The Minister for Africa in the UK, Hon Mark Simmons, The Chairman of the Commonwealth Business Council, Lord Marland of Odstock, Honourable Ministers and Representatives of the Diplomatic Community in London, Esteemed Members of the Business Community in London and Uganda, Ladies and Gentlemen.
Thank you for inviting me to address such a distinguished audience. I have confidence that by the end of this forum, there will be decisions to locate business in Uganda’s growing and resilient economy.
There are two Kings in the modern world: the entrepreneur and the consumer. This is as far as business is concerned. The entrepreneur has got the following three factors:
(i) ability to detect opportunity and how to utilize it in order to maximize profits and minimize costs;
(ii) savings or ability to raise cost effective funding to cause the realization of the project or enterprise; and
(iii) ability to acquire the necessary technology to produce the desired items.
The consumer, on the other hand, has got two characteristics: need for the concerned product and ability to pay for it ─ i.e. purchasing power.
The two Kings, however, need five other factors to have a beneficial relationship.
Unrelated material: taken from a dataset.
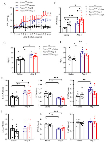 PPARα deficiency in VSMCs aggravated Ang II−induced hypertension and vascular stiffness independent of cardiac function. (A) Systolic blood pressure (SBP) was measured by noninvasive tail–cuff method before and after saline or Ang II infusion (490 ng/kg/day). (B) Pulse wave velocity (PWV) was measured by vascular ultrasound after Saline or Ang II infusion. (C) Ejection fraction (EF) and (D) fractional shortening (FS) were assessed by two-dimensional echocardiography after saline or Ang II infusion. Left ventricular anterior wall (LVAW) thickness, left ventricular internal diameter (LVID), and left ventricular posterior wall (LVPW) thickness at end-systole (s, E) or end-diastole (d, F) are recorded and analyzed (n = 6–9, two-way ANOVA). Data are means ± SEM. * p < 0.05, ** p < 0.01, *** p < 0.01 between groups.

Those factors are:
(i) good infrastructure that ensures that the costs of doing business in the economy are low so that profits can be made;
(ii) peace in the country;
(iii) availability of raw-materials;
(iv) a business friendly policy environment; and
(v) a skilled work force that accepts competitive wages.
At the present moment, much of Africa has got one King ─ a capable and growing consumer society ─ as well as the five facilitating factors. Moreover, the awareness for the need for the expanding of these five factors is also growing.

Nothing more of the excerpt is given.